GEOSC 10
Geology of the National Parks

Sidebar: A Brief Chemistry Lesson

Sidebar: A Brief Chemistry Lesson

Most students reaching the university have taken a chemistry course somewhere along the way, but a few of you haven’t. Here is a BRIEF summary of chemistry, as a refresher for those who have had a chemistry course and as a teaser for those who have not. We do not use a lot of chemistry in this course, but it comes up often enough that you may find a summary to be helpful.

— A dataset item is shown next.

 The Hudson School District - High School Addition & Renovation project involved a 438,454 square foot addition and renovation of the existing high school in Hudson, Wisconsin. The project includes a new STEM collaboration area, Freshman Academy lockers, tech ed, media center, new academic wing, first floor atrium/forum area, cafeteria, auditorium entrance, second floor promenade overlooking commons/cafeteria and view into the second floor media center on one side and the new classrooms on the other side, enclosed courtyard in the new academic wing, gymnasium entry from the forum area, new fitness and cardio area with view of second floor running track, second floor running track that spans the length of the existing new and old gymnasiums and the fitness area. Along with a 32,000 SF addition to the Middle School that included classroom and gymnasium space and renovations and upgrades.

If we pick up anything around us (water, chewing gum, rocks, whatever) and try to divide it into smaller and smaller pieces, we will find that it changes as it is divided. A tree becomes a log as soon as we cut it down. If we dry the log before burning it, we find that it contains lots of water, plus other things that are not water. If we then use fire to break the log into smaller pieces, we find that we can do so, while releasing energy. Using tools and energy levels that are easily available to us, we will find that we can continue dividing something until we get to elements, but that we cannot divide the elements.

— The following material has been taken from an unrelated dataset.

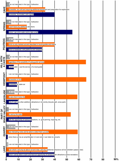 The answers of Polish and Slovak respondents were summed up, and this section presents a collective analysis of the expectations of tourists participating in the study in the field of geosite development. The questions posed to the respondents were aimed at evaluating the extent to which additional stimuli that attract people to various types of geosites are important for tourists. As expected, there is a difference in expectations in this regard, but it is not large. Among the various objects, there are those that are in and of themselves a “magnet” for this type of tourism. In the opinion of over 50% of respondents, these include hills with castles, viewpoints, interesting sections of river valleys, and rock outcrops with fossils in quarries (Figure 14). Only a few types of geosites, according to the surveyed respondents, require various forms of development to motivate them to travel to such places. These include caves, mineral springs, and lakes (Figure 14). Comparing the opinions of Polish and Slovak tourists regarding the expectations of additional incentives (appropriate development) for travel in the “womb of nature” there are no major differences. The exceptions are preferences relating to the development of peatbogs, landslides, rock outcrops in quarries and sections of river valleys. In the case of peatbogs, landslides and sections of river valleys, Slovak respondents prefer developed facilities that offer additional attractions, in contrast to Polish tourists, who are satisfied with a description of the path marked out through a peatbog, a description of a landslide or a passive rest by a river. On the other hand, in the case of rock outcrops in quarries, almost a quarter of Slovak respondents did not consider them worth visiting, and most would visit them provided they could participate in additional attractions, e.g., a concert. For Polish respondents, such places were interesting in and of themselves, and they would be happy to visit them just to see interesting rocks and fossils, and preferably to find and collect them on their own.

The “unit” of an element is called an atom. There are 93 naturally occurring elements, plus others that humans have produced. If we use even higher energies, such as those achieved in nuclear accelerators, we find that we can take atoms apart.

Stylised atom. Blue dots are electrons, red dots are protons, and black dots are neutrons.
This is a cartoon of a lithium atom, with three protons (red) and four neutrons (black) in its nucleus, orbited by three electrons (blue).
Credit: Stylised atom with three Bohr model orbits and stylized nucleus. SVG by Indolences. Recoloring and ironing out some glitches done by Rainer Klute from Wikimedia Commons is licensed under CC BY-SA 3.0

Each atom proves to have a dense nucleus, surrounded by one or more levels where electrons are found. It may prove helpful to think of electrons circling a nucleus the way planets orbit the sun, although this simplified model doesn't capture all the features of an atom.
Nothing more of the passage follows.